Submitted to: Energy and Fuels
Publication Type: Peer Reviewed Journal
Publication Acceptance Date: 11/3/2007
Publication Date: 1/15/2008
Citation: Dunn, R.O. 2008. Effect of temperature on oil stability index (OSI) of biodiesel. Energy and Fuels. 22:657-662. Interpretive Summary: Biodiesel is an alternative fuel derived from vegetable oil or animal fat. The main components of biodiesel from soybean oil and other feedstocks are very reactive to oxygen when placed in contact with air. Extensive oxidation can cause fuel quality to degrade during storage. The ability of biodiesel to resist oxidation can be determined by measuring the oil stability index (OSI). Temperature is known to accelerate the oxidation reaction and can influence individual steps in the reaction. This work investigates effects of temperature on OSI of biodiesel from two feedstocks, soybean and used cooking oils. Results were compared with those for a pure fatty acid methyl ester standard. Two mathematical models were developed for predicting OSI of biodiesel as a function of temperature. Activation energy data was also calculated from these results. This work shows that while increasing temperature accelerates oxidation, the reaction mechanism (steps to complete the reaction) was not significantly altered. It provides a means to estimate the maximum storage time before resistance to oxidation breaks down. It reports valuable data that may be used to characterize oxidation under various reaction conditions. Finally, results will directly benefit scientists and engineers seeking to further understand biodiesel fuel quality issues.

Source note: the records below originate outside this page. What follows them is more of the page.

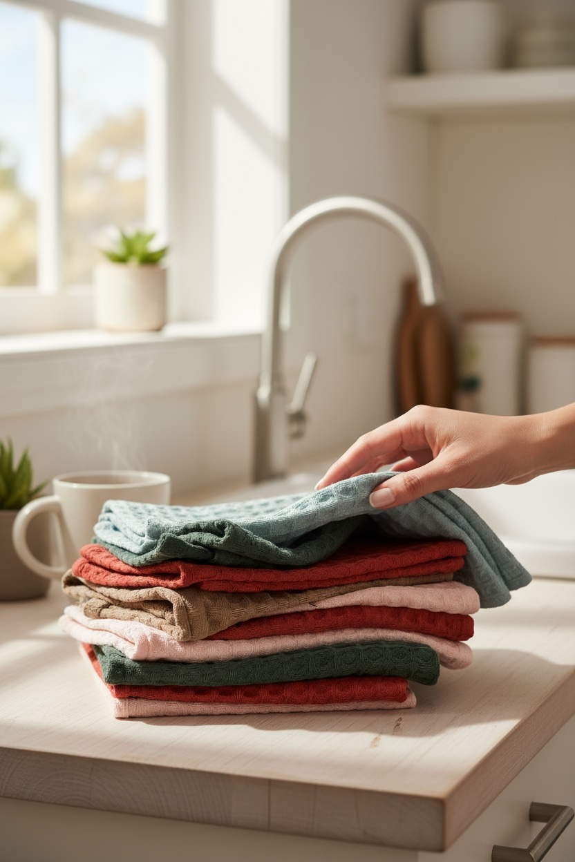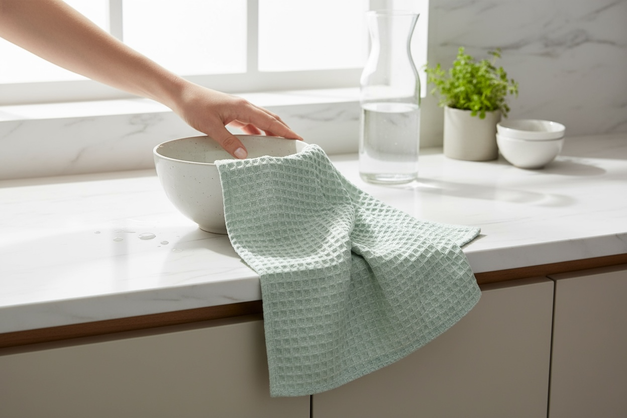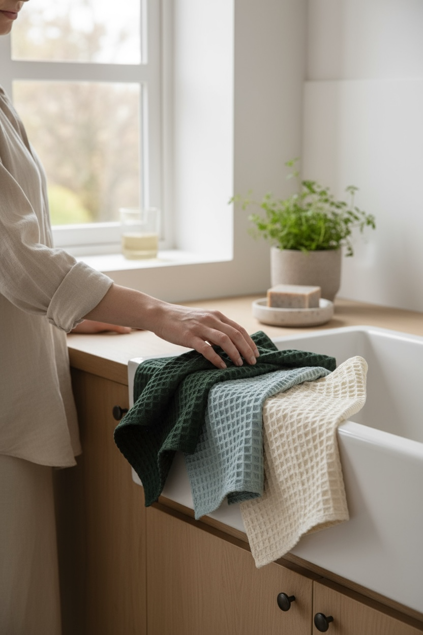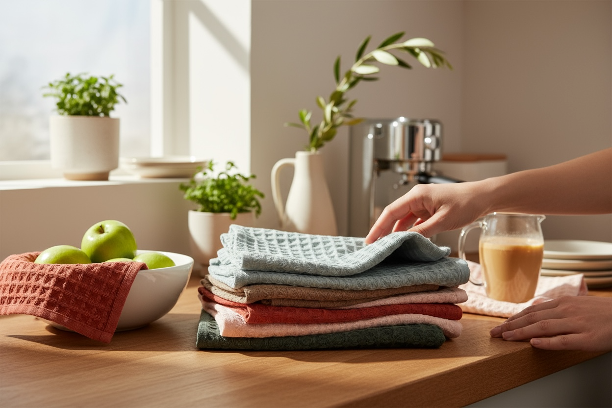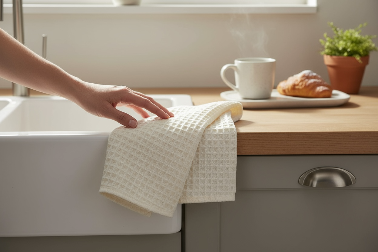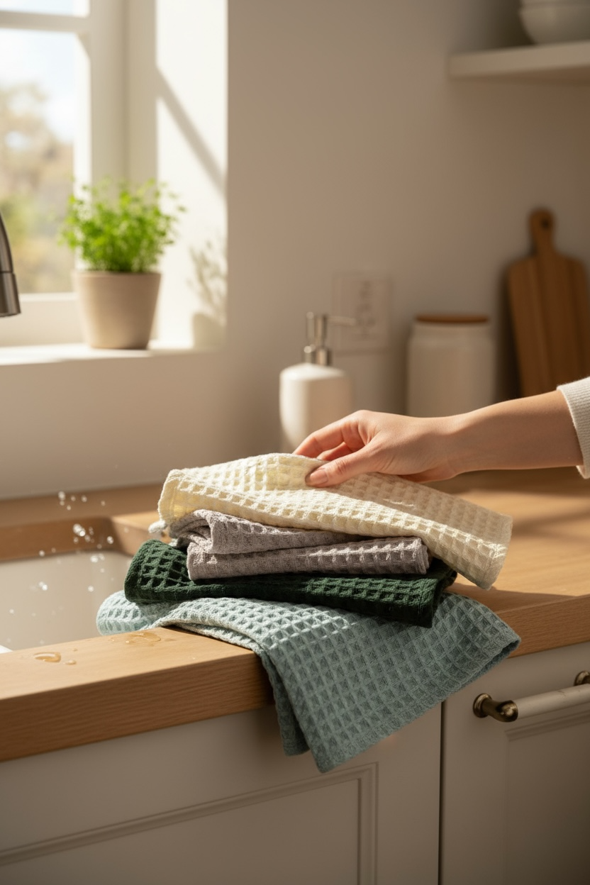 دستمال وافلی بافت درشت لیلاک، از پنبه خالص تولید شده و بهدلیل ساختار لانهزنبوری، قدرت آبگیری بسیار بالایی دارد. این دستمال برای استفاده روزمره در آشپزخانه فوقالعاده کاربردی است و بدون پرزدهی، رطوبت را بهخوبی جذب میکند.کاربردها:• خشککردن دست• خشککردن ظروف• آبگیری میوه و سبزیجات• مناسب کنار سینک و استفاده روزمرهاین دستمال با اندازه ۴۵×۴۵ سانتیمتر طراح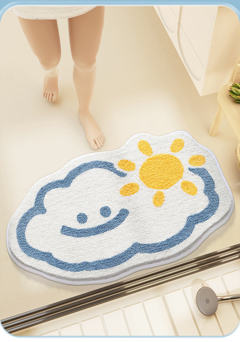 Feblilac Sunshine White Clouds Tufted Bath Mat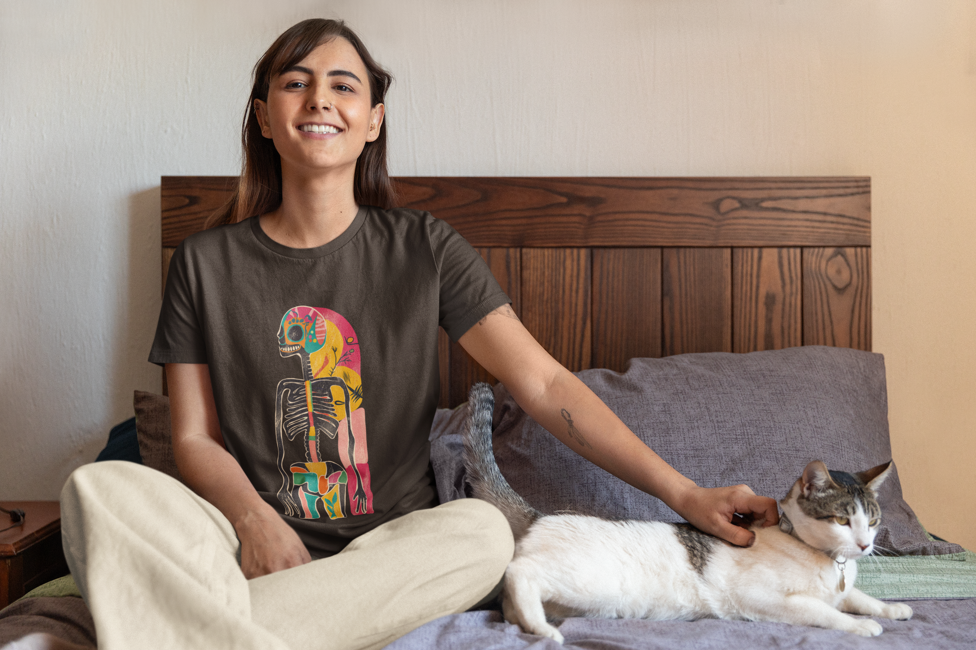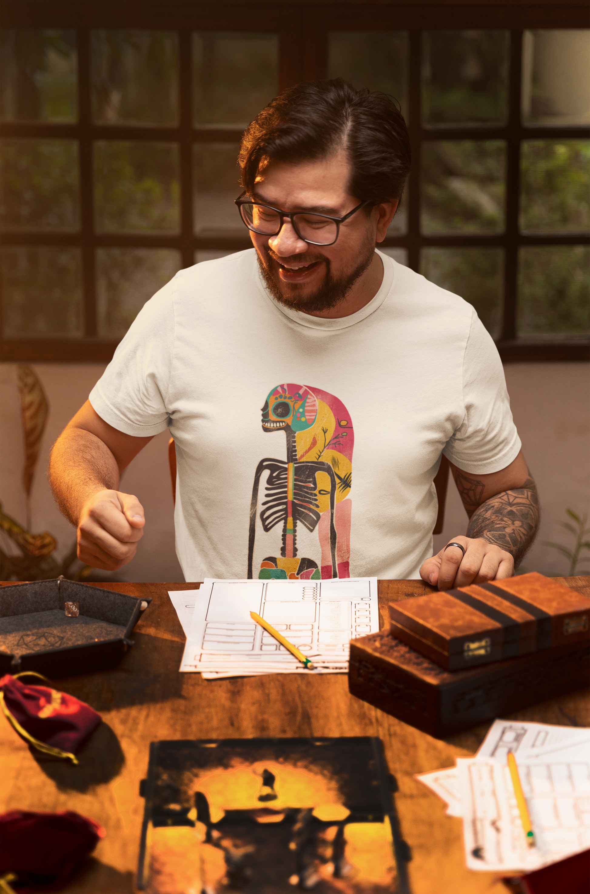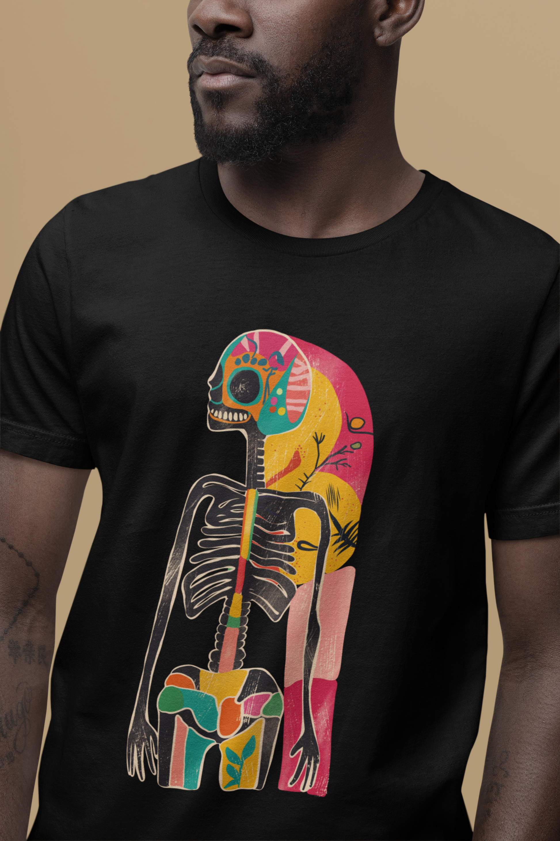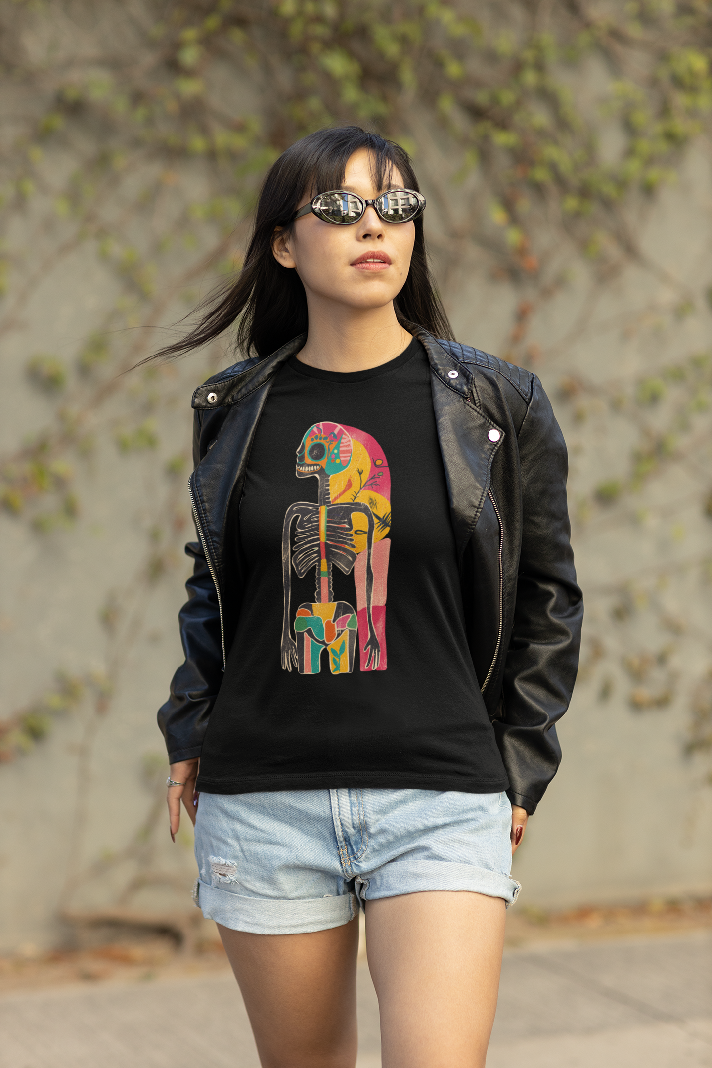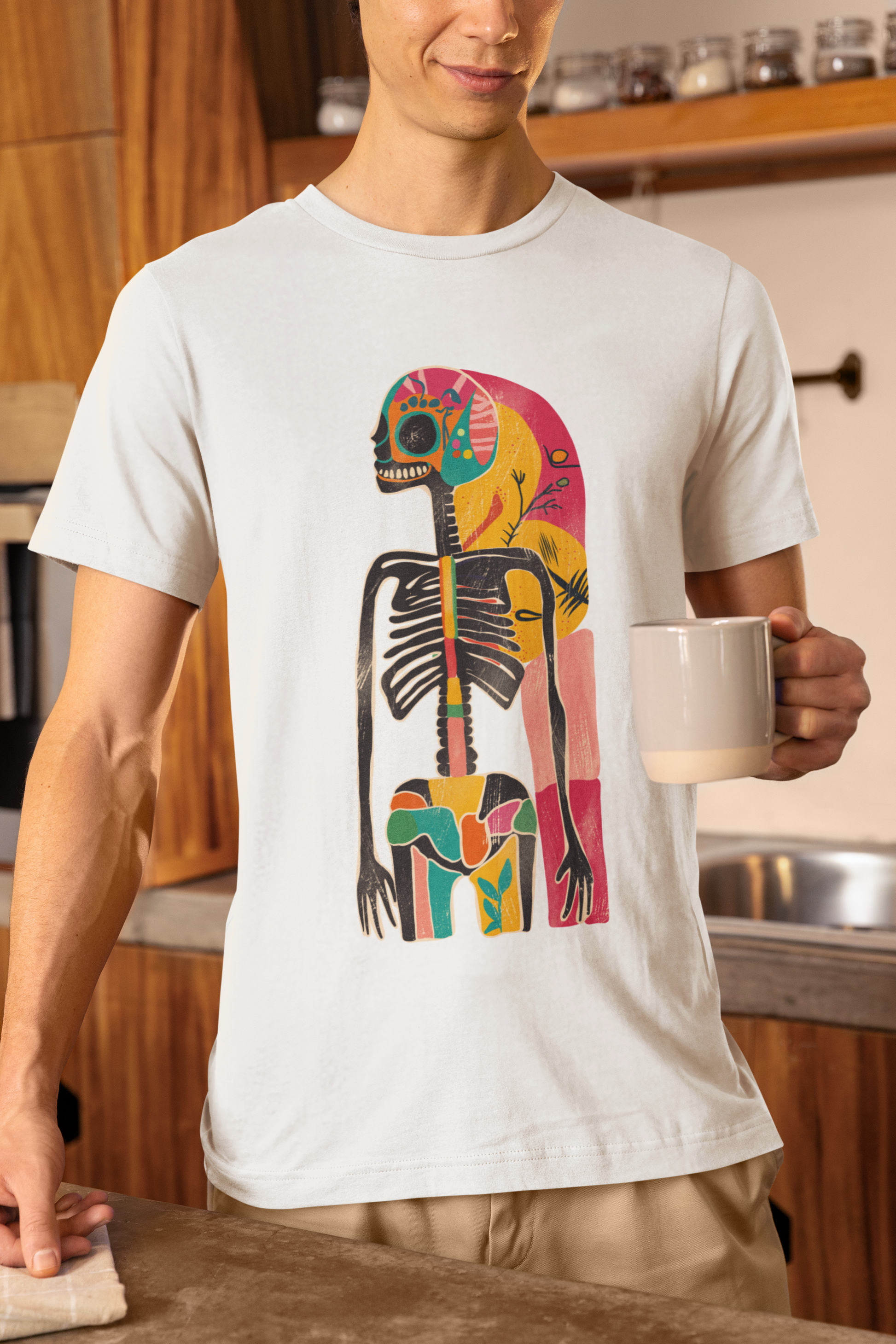 Das Highlight: ein künstlerisches Skelett-Design im Retro-Stil, das kosmische Elemente mit Dark Art und surrealer Ästhetik verbindet. Ausdrucksstark, individuell und garantiert ein Hingucker!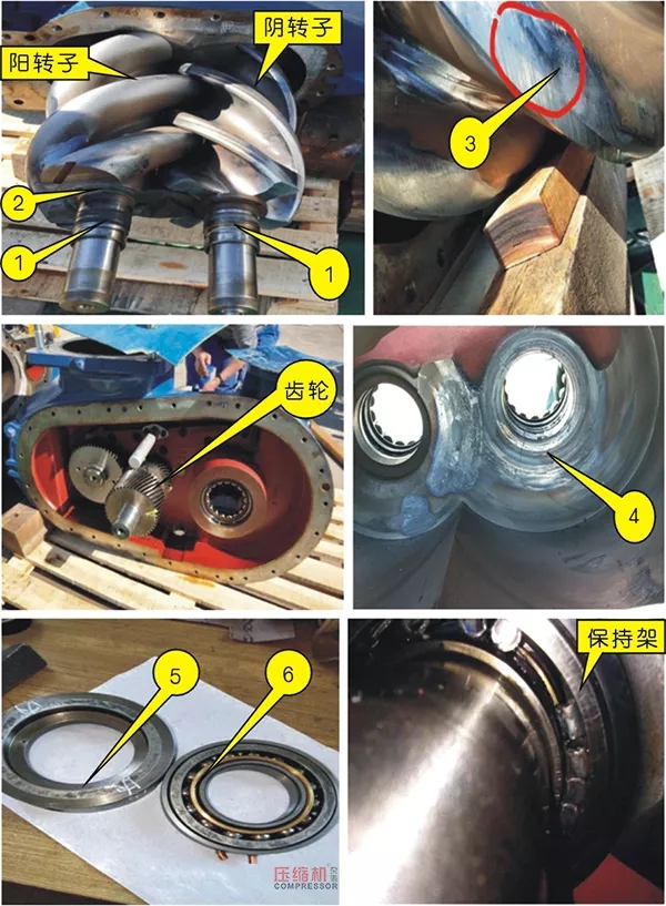 1.6 阳转子驱动端径向轴承保持架损坏,轴承滚柱变形、磨损并混乱排列。

Technical Abstract: Biodiesel is primarily composed of saturated and unsaturated fatty acid alkyl esters. Fuel suppliers, terminal operators and users are becoming more concerned with monitoring and maintaining good biodiesel fuel quality with respect to oxidative degradation during storage. Oil stability index (OSI), a parameter that measures the ability of fatty material to resist oxidation, is typically measured at high temperature to accelerate oxidation. The present work investigates the effects of temperature (T) on OSI of biodiesel from soybean oil fatty acid methyl esters (SME), used cooking oil fatty acid methyl esters (UCOME) and pure methyl oleate (MO). Increasing T accelerated the oxidation reaction causing a decrease in OSI. Response factors determined using MO as a reference showed little variation with respect to T in the ranges studied. At constant T, SME yielded lower OSI values than either UCOME or MO. However, despite having comparable iodine values UCOME yielded significantly higher OSI than MO. Two models for predicting maximum storage time as a function of T demonstrated linear correlations for all three methyl esters. Results from the second model, ln(OSI) versus T-1, were employed to calculate the activation energy of first-order oxidation reactions. Although both models showed relatively small deviations between calculated and measured OSI, the models were not reliable at temperatures below 50 deg C.